WHAT YOU NEED TO DO: Output only the lines below from the one holding "Two female scientists" down to the one holding "Beige fur jacket, open", both end lines included and every picture dropped.

BEGIN MATERIAL PROVIDED

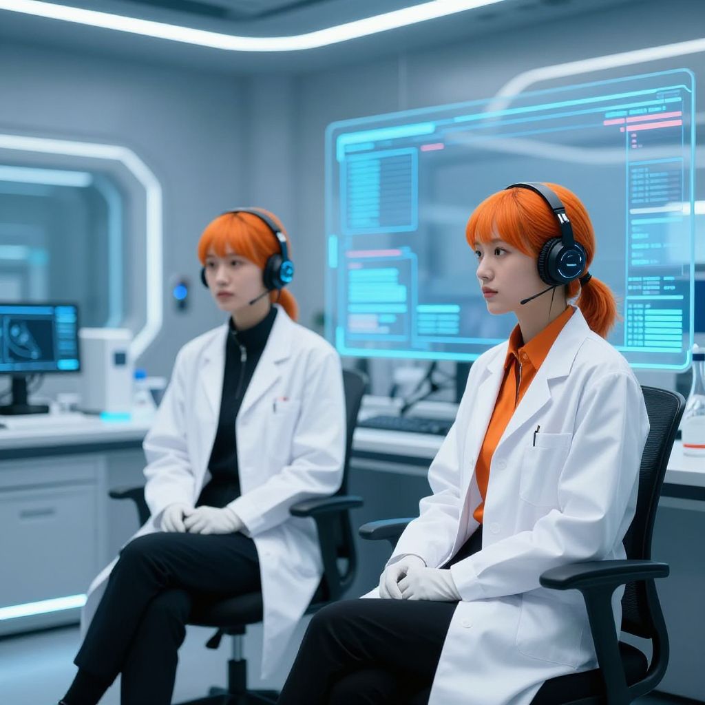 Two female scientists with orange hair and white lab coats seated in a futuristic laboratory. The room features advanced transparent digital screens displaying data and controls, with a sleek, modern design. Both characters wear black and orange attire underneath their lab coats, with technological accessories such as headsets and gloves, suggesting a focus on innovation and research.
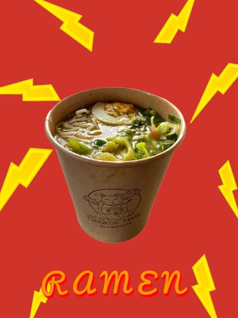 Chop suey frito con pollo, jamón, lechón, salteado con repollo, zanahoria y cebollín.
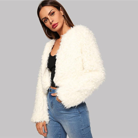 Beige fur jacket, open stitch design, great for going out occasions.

END MATERIAL PROVIDED
BEGIN MATERIAL PROVIDED

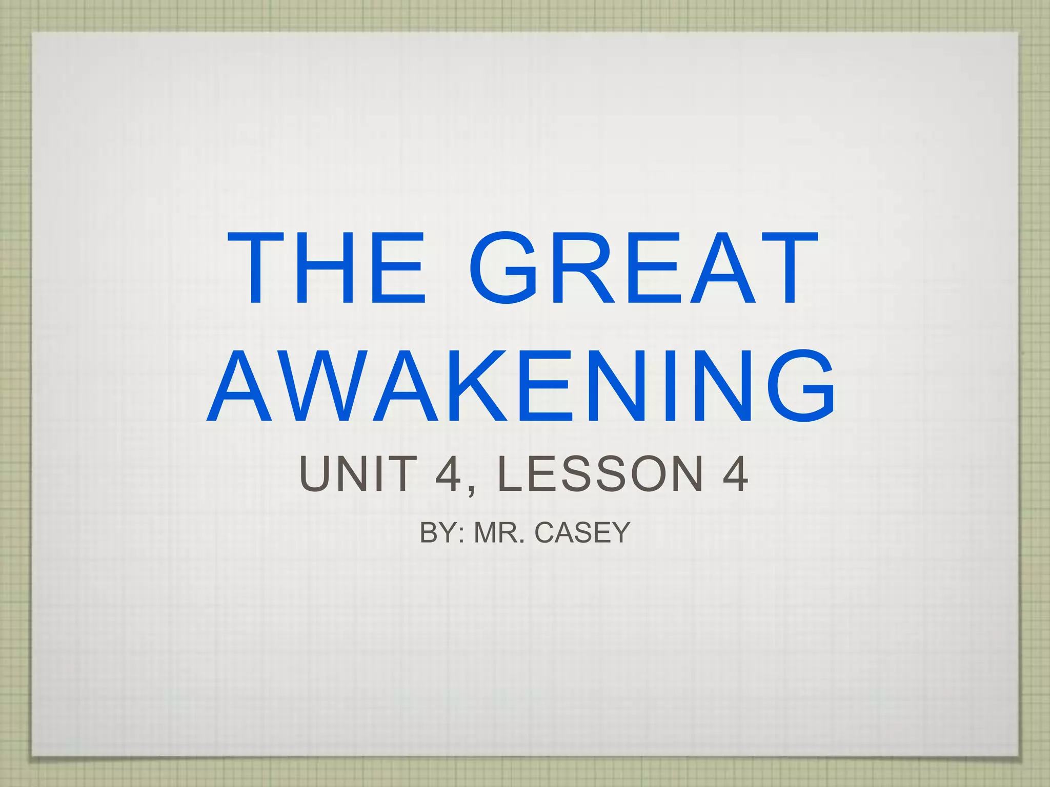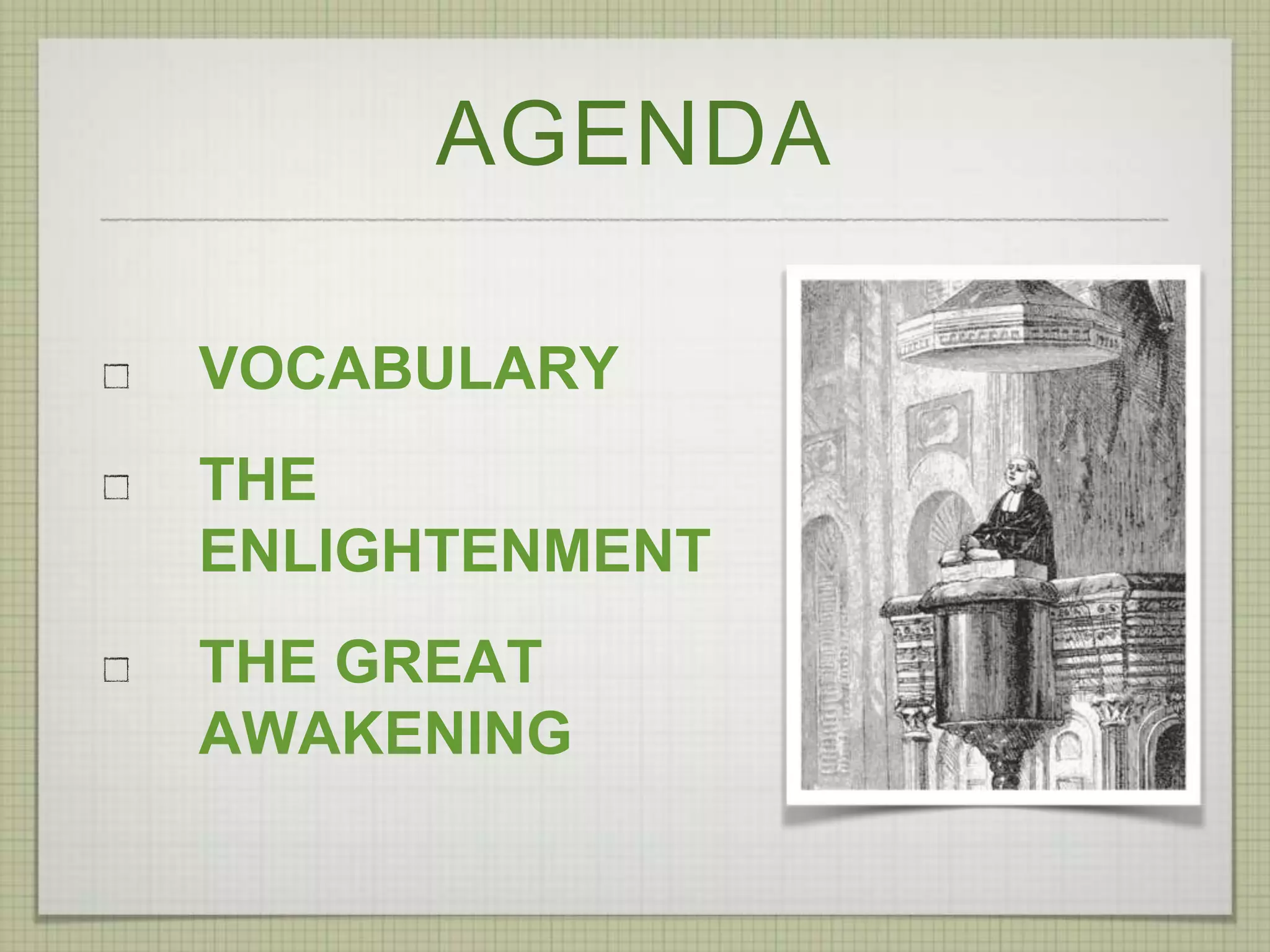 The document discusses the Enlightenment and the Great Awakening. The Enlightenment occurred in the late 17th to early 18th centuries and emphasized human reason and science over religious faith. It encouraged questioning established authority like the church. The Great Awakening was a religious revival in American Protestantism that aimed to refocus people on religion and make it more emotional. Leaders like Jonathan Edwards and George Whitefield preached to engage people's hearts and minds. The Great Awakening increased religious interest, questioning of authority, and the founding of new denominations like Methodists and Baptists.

END MATERIAL PROVIDED
BEGIN MATERIAL PROVIDED

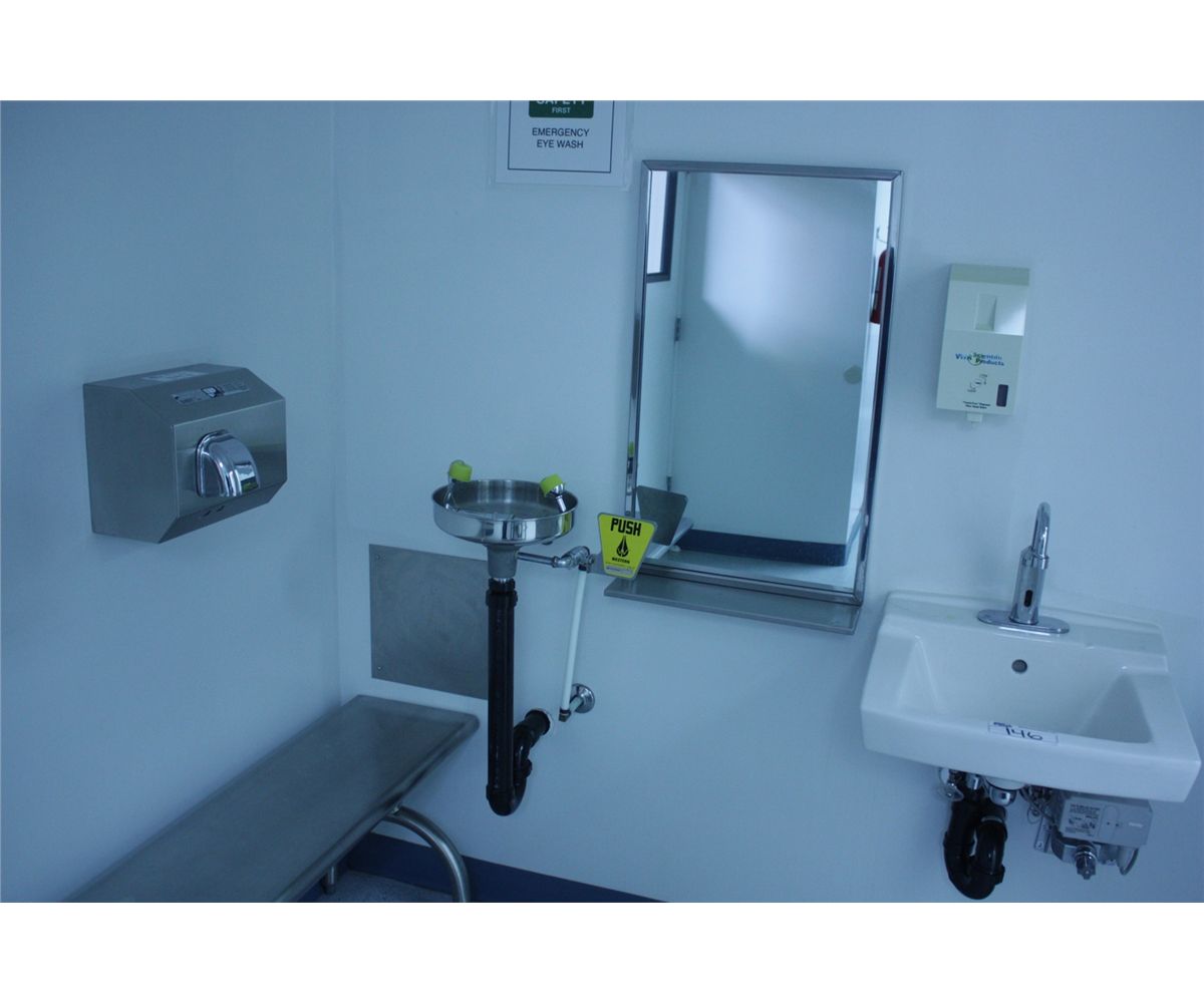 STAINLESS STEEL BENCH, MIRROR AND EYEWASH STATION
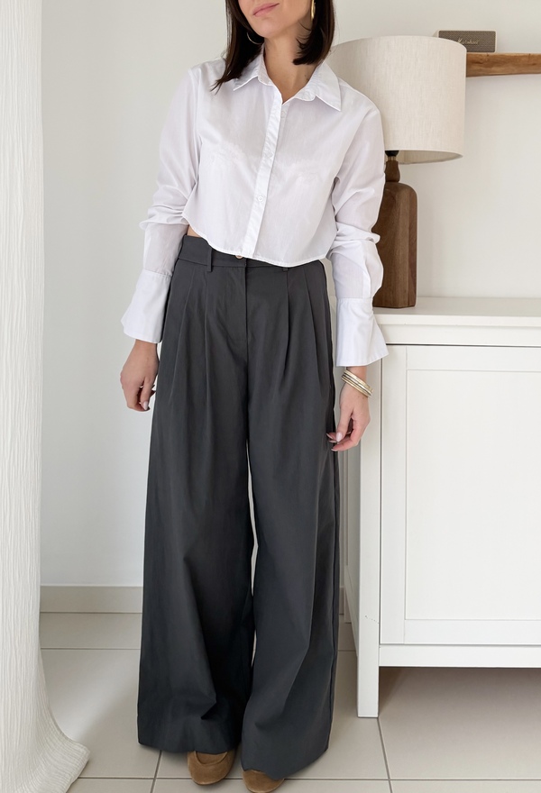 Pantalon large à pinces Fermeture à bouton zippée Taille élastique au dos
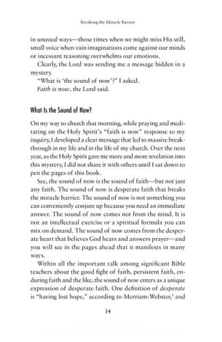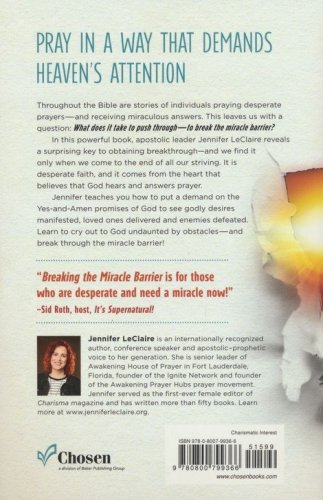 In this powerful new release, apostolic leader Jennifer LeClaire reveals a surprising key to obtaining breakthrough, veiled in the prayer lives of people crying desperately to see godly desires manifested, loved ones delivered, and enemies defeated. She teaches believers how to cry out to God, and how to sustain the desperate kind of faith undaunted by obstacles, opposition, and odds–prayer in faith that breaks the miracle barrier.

END MATERIAL PROVIDED

EXPECTED ANSWER:
 Two female scientists with orange hair and white lab coats seated in a futuristic laboratory. The room features advanced transparent digital screens displaying data and controls, with a sleek, modern design. Both characters wear black and orange attire underneath their lab coats, with technological accessories such as headsets and gloves, suggesting a focus on innovation and research.
 Chop suey frito con pollo, jamón, lechón, salteado con repollo, zanahoria y cebollín.
 Beige fur jacket, open stitch design, great for going out occasions.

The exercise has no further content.